I am now trying to update my old Fortran code that includes the lines like (*)
allocate( a(2), b(2) )
a(:) = 0.0
b(:) = 0.0
Initially, I changed them to
allocate( a(2), source=0.0 )
allocate( b(2), source=0.0 )
but this is clearly not much simple. So I tried to combine them so that
allocate( a(2), b(2), source=0.0 ) !! (1)
I didn't expect it to work, but it actually worked for gfortran >=4.8 and Sun fortran 8.7 (while not for ifort-14). So I went through the ALLOCATE section of the F2003 and F2008 documents, and it seems that the restriction has been removed in F2008 that "If SOURCE= appears, allocation-list shall contain only one allocate-object". Does this mean that the above line 1 is no problem in F2008, and that the different behavior is simply due to different degree of F2008 support?
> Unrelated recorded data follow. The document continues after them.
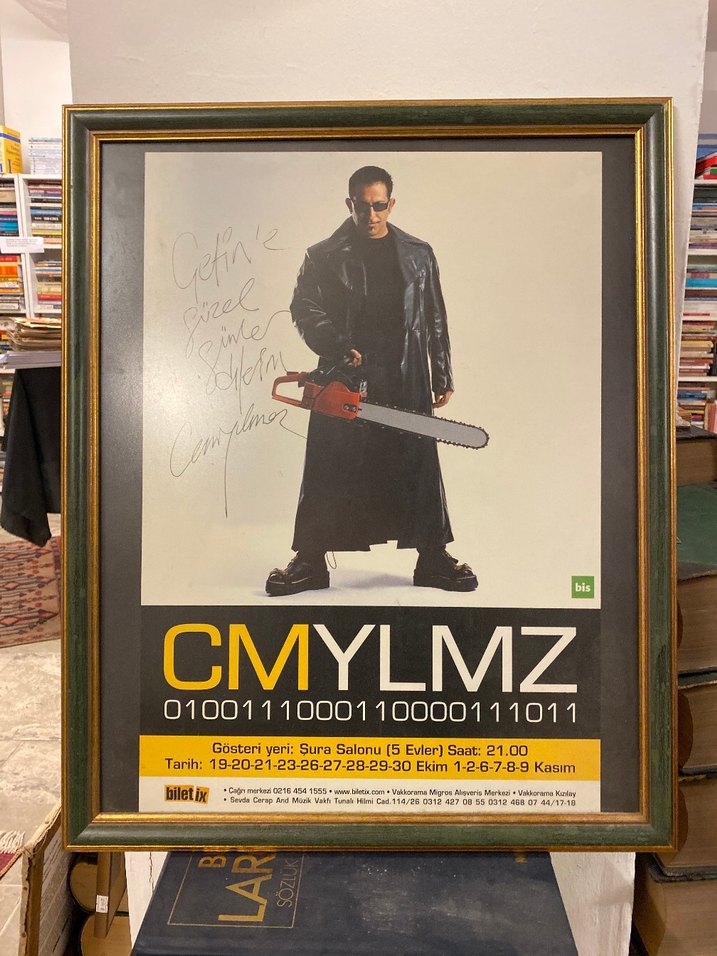 Orjinal 2001 yılından kalma CMYLMZ BİR TAT BİR DOKU MILLENNIUM Gösteri afişi. Orjinal İmzalı. Hiçbir yerde bulunmayan afiş ve Cem Yılmaz imzası. Çok orjinal bir parça göründüğü gibidir hiçbir deformesi yoktur çerçeveli. #filmafişi #tiyatro #komedi #cemyılmaz #vintage #poster #tablo
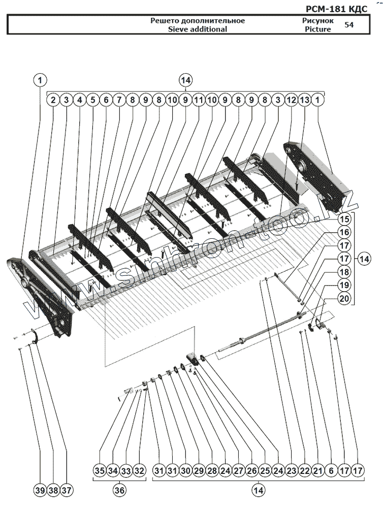 Каталог запасных частей к технике: РСМ-181 "Torum-740". Решето дополнительное
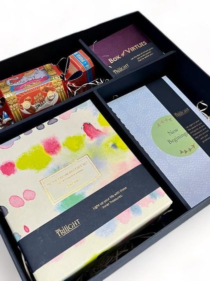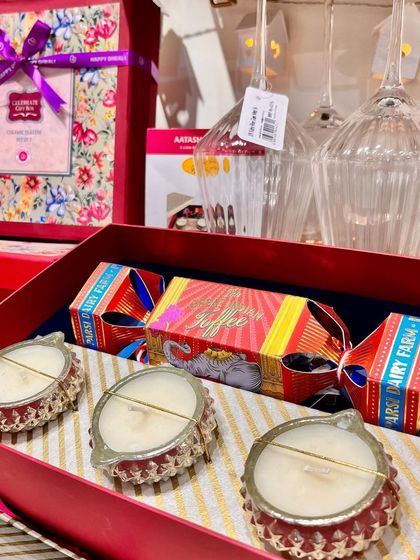 - Soy wax candles, festive diyas, our "Box of Virtues" (with natural stones), and select books
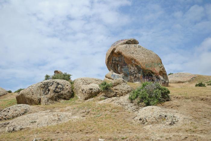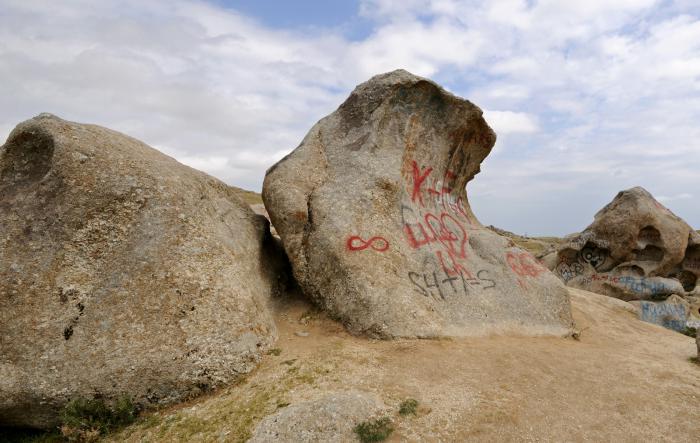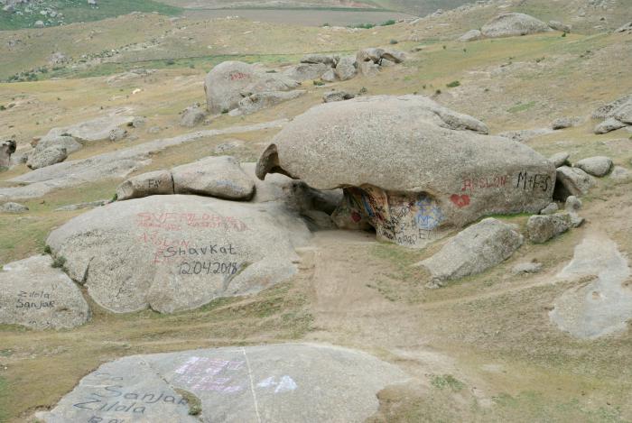 И это нам еще не слишком затрудняли жизнь другие туристы. По моим сведениям тут целыми автобусами останавливаются. И следы этих остановок сильно удручают. Практически все привлекающие глаз каменюки татуированы варварами до невозможности. Не знаю, что должно быть в голове, чтобы вот так взять и испортить природную красоту, причуду, задумку – неважно как это называть. Эти особи вероятно просто живут ни о чем не задумываясь, даже не ощущая, что вокруг есть большой и замечательный мир. Главное нагадить где-нибудь, как собаки ногу задирают, чтоб другая подобная особь почуяла, оценила и тоже отметилась. Жуть.
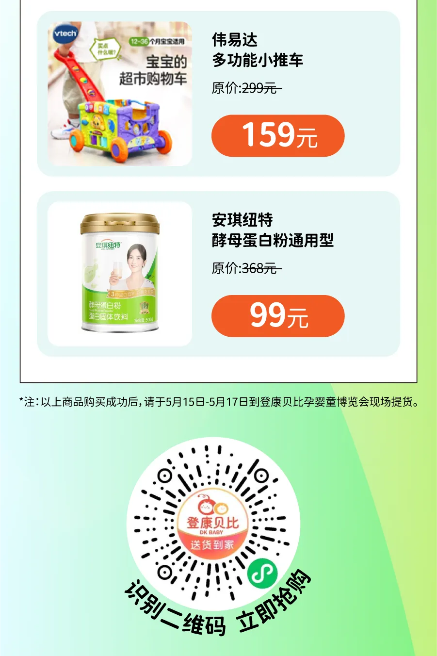 【登康贝比 · 孕婴童博览会】限量爆品提前抢,低至��.��元起!预定锁货,现场直接提货带走
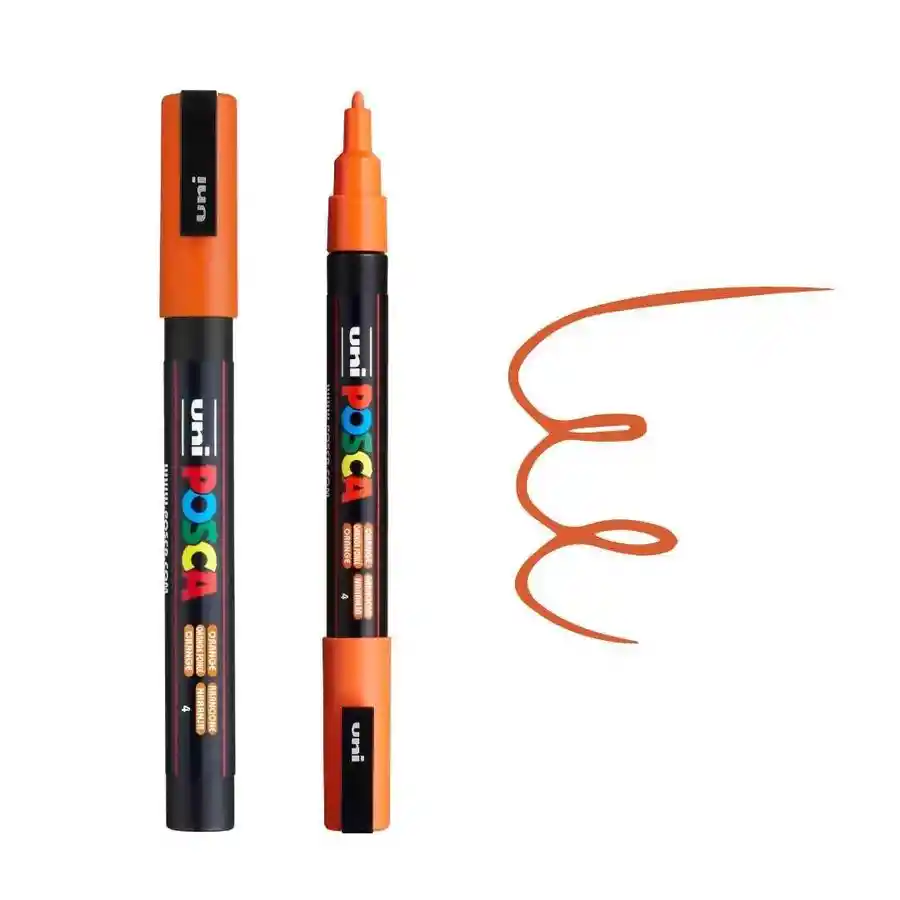 Marcador / Rotulador Posca Punta Redonda 1,3mm PC-3m Trazo fino Color Naranja Se pueden utilizar en diferentes superficies: Pizarras, maderas, paredes, papeles, vidrios...
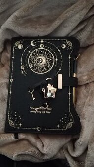 Prodám deník s propiskou na zámek, téma hvězdná obloha, nevhodný dárek, šířka 13cm, délka 20cm, tloušťka 2,5cm. Cena 230Kč
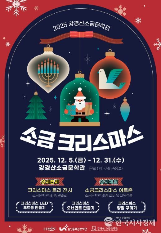 한국시사경제 김태훈 기자 | (재)논산문화관광재단이 주관하는 강경산 소금문학관이 크리스마스를 앞두고 관람객들에게 따뜻한 연말 분위기를 선사할 크리스마스 트리 전시와 특별 문화예술 프로그램을 선보인다.
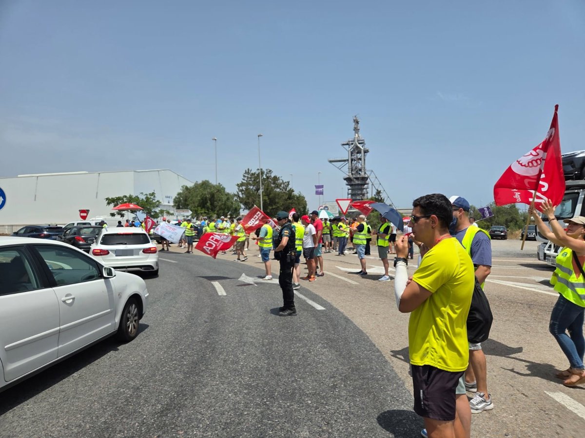 La huelga, respaldada por las secciones sindicales de UGT, CCOO, CSIF y USO, ha estado acompañada de una concentración de 13 horas a 15 horas en la rotonda de acceso a la zona portuaria.
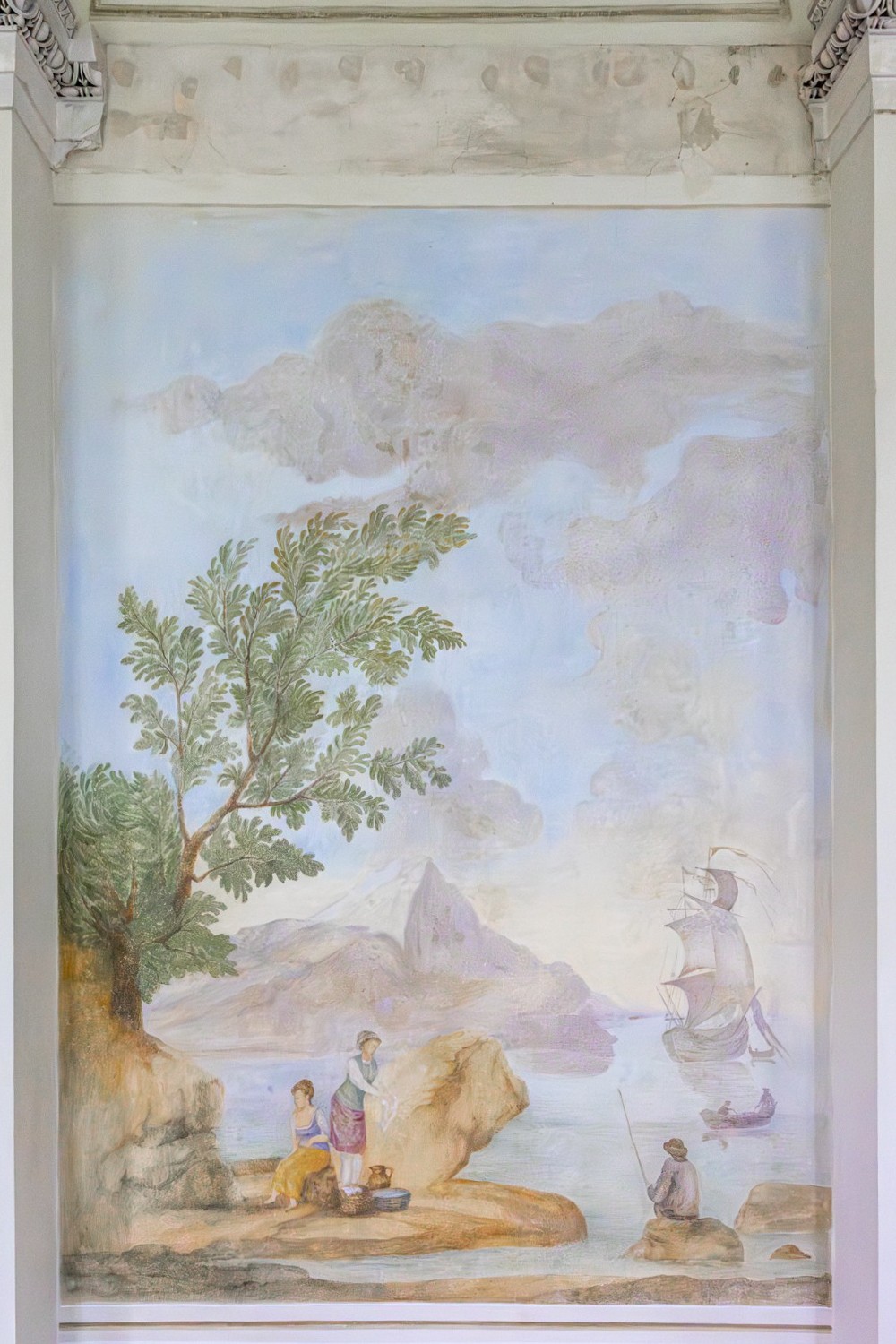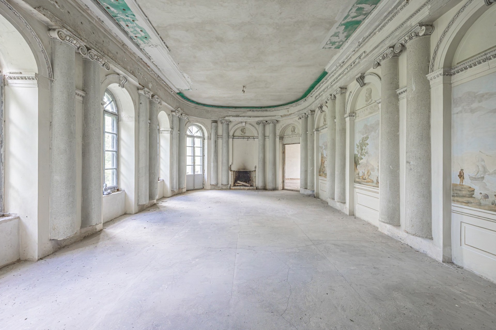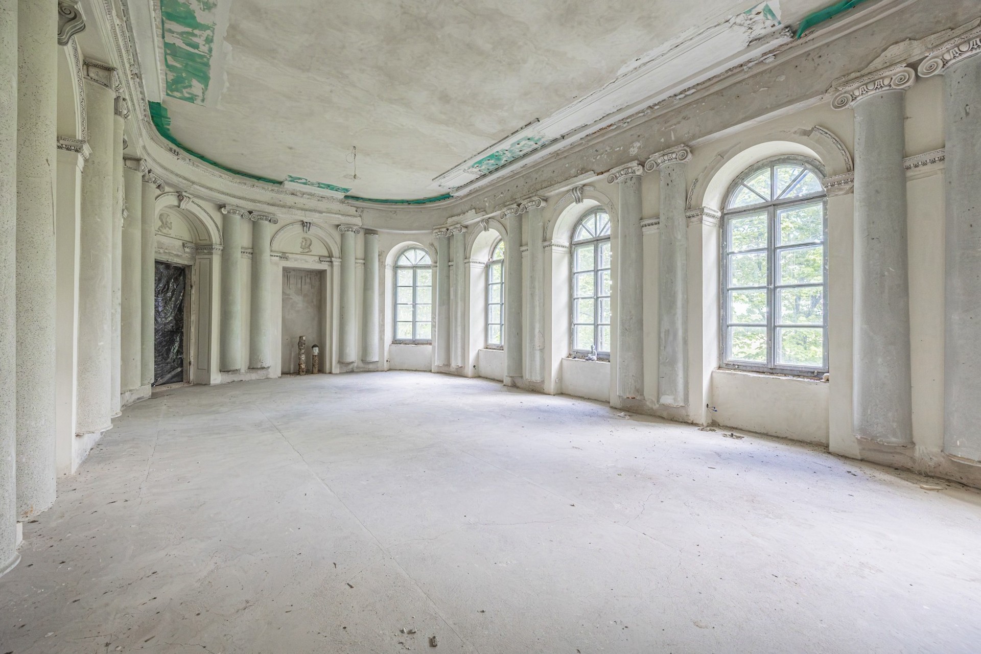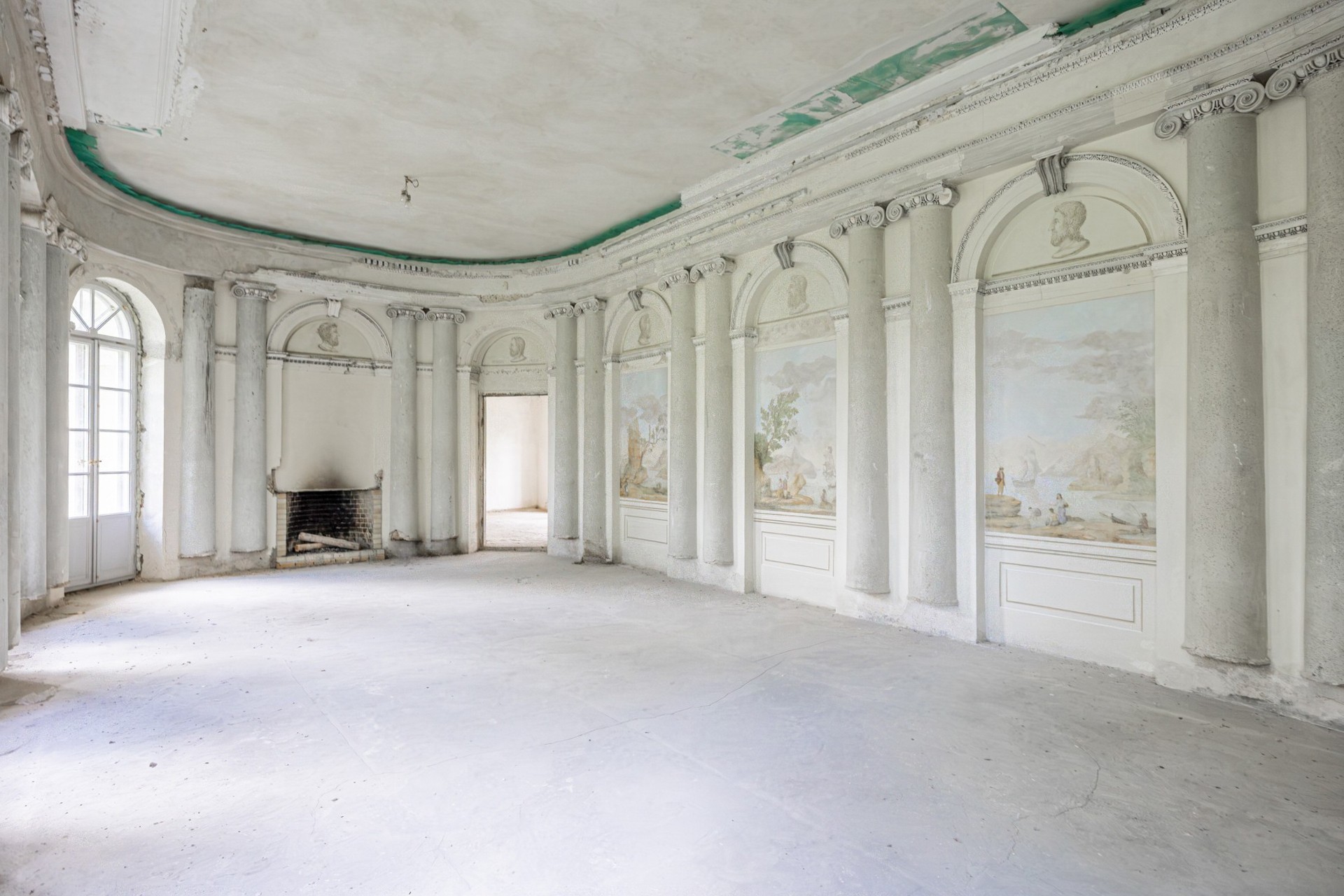Al piano superiore si trovavano gli ambienti rappresentativi, tra cui una grande sala da pranzo e una sala da ballo con colonne semicircolari in mosaico. La sala da ballo è stata parzialmente restaurata, con interventi sulle pitture murali e sostituzione delle finestre.

(*) In actual codes, I was trying to allocate several array components of a derived type, allocate( conf% crd(3,N), conf% vel(3,N), conf% frc(3,N), blah, blah,... )
while assigning zero to each of them. So I was wondering if it is possible to simplify those lines somewhat.
At the high level, yes, the restriction in Fortran 2003 that there is only one object in a sourced allocation is removed in Fortran 2008.
Now, on to other matters. First, you don't show the declarations of a
and b
. In a sourced allocation the objects to be allocated must be type compatible with the source. The simple case
real, allocatable, dimension(:) :: a, b
allocate( a(2), b(2) )
a(:) = 0.0
b(:) = 0.0
has the same Fortran 2008 effect as
real, allocatable, dimension(:) :: a, b
allocate( a(2), b(2), source=0.0 )
But what about
double precision, allocatable, dimension(:) :: a, b
allocate( a(2), b(2), source=0.0 )
?
And the second point from before is: Fortran 2008 is a relatively new thing. I don't trust all compilers to correctly implement the rules with multiple objects in a sourced allocation.